Por este lado nos acercamos a la mayor debilidad del texto y también del montaje: la relación supuestamente imaginaria, aunque quizá no tanto, de Ugolino con Aminta. A Vargas Llosa le gusta, como decíamos, multiplicar los niveles de realidad en una obra, cosa que suele hacer no sólo en su teatro sino, con más insistencia, en sus novelas eróticas. Tal vez aquí se le presentó una oportunidad ideal para combinar los dos géneros, pero lo cierto es que su historia de un sádico como Ugolino, abyecto enamorado de su víctima, místico carnal que parece haberse dado una sobredosis de Georges Bataille, resulta cuando menos desconcertante. ¿Acaso Vargas Llosa quiere plantear con ella la relación de amor-odio que a veces se da entre un creador y sus criaturas? ¿La perversión pseudoerótica de la imaginación, que siempre pide más? Puede ser. Y especular no cuesta nada. Pero, entretanto, la obra tiende, no ya a la fantasía, sino a la abstracción, y rompe el equilibrio de las escenas que transcurren en Villa Palmieri y las que imaginan quienes se han refugiado allí. Dado que las escenas entre Ugolino y Aminta sólo tienen lugar en la mente del primero, nos preguntamos por qué tenemos este acceso privilegiado al interior de uno de los personajes. ¿Porque lo interpreta el autor?

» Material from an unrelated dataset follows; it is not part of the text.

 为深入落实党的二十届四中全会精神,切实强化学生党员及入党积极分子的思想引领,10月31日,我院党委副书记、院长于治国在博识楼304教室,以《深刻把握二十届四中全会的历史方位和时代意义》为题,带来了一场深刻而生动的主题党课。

Aunque es el recurso que permite a Vargas Llosa adentrarse en su grupo de personajes, Ugolino es bastante superfluo como figura dramática. Y como avatar del creador alcanzaría con Boccaccio, que, de hecho, da voz a varias preocupaciones de Vargas Llosa. Escribe este último en el prólogo a la versión recién publicada de la obra (Madrid, Alfaguara, 2015): «El Boccaccio de Los cuentos de la peste es un ser imaginativo y sensual, ama la carne y la fantasía, y no ve incompatibilidad alguna entre los placeres materiales y la vida espiritual, que, para él, es sobre todo la invención literaria y el conocimiento intelectual antes que la piedad religiosa». De esa exaltación se hace eco Boccaccio en la obra misma: «quiero vivir y sé que viviré. En mí el amor a la vida es más fuerte que el miedo a la muerte. Tengo mucho que escribir antes de despedirme de este mundo. La peste me ha sacado de las bibliotecas a la calle y ahora conozco mejor la vida real. Vivía en una cárcel de papeles. Mi próximo libro ya no tendrá sabor a sarcófago y polillas, sino a tráfago callejero, a sudores de piel, a cama y vino».

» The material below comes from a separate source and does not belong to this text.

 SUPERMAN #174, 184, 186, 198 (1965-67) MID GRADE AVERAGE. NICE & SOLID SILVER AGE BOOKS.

Es una interpretación muy de nuestros días, y suena muy fructífera para el teatro de hoy, que adora el tráfago callejero y los sudores de todo tipo. La ironía es que la obra que la contiene a menudo se encierra en especulaciones de biblioteca, no sólo en lo relativo a la historia de Ugolino, sino además, por ejemplo, en un debate sobre la verdad de la representación, durante el cual Boccaccio afirma que la pintura es «una trampa metafísica y moral», y hasta acusa a Giotto de «añadir a la pintura una profundidad mentirosa [y] hacer creer que los cuadros son la vida real». Los demás personajes sacan a Boccaccio de su error, pero el nombre de Giotto nos lleva a pensar en otra versión moderna del Decamerón, que ni siquiera se lo planteaba. En su adaptación cinematográfica de 1971, Pier Paolo Pasolini interpretaba en un rol muy menor precisamente al pintor, que aparece, como en la narración quinta de la jornada VI del Decamerón, en plena lluvia, calado hasta los huesos y salpicado de barro. En la piel de Pasolini, Giotto llega luego a pintar un fresco en una iglesia, con la ayuda de varios aprendices, que en distintos momentos vemos comer y dormir juntos como animales en un establo. El pintor está con el torso desnudo, sudoroso, sucio de pigmentos, siempre con prisa por volver a la pintura. Es una imagen muy medieval, en la que el artista vislumbra espacios ilimitados en un mundo de fango. En Los cuentos de la peste, en cambio, Vargas Llosa va ataviado de blanco impoluto y, con sus canas y su apostura, transmite una constante dignidad de literato. No le vendría mal un poco de mugre pasoliniana.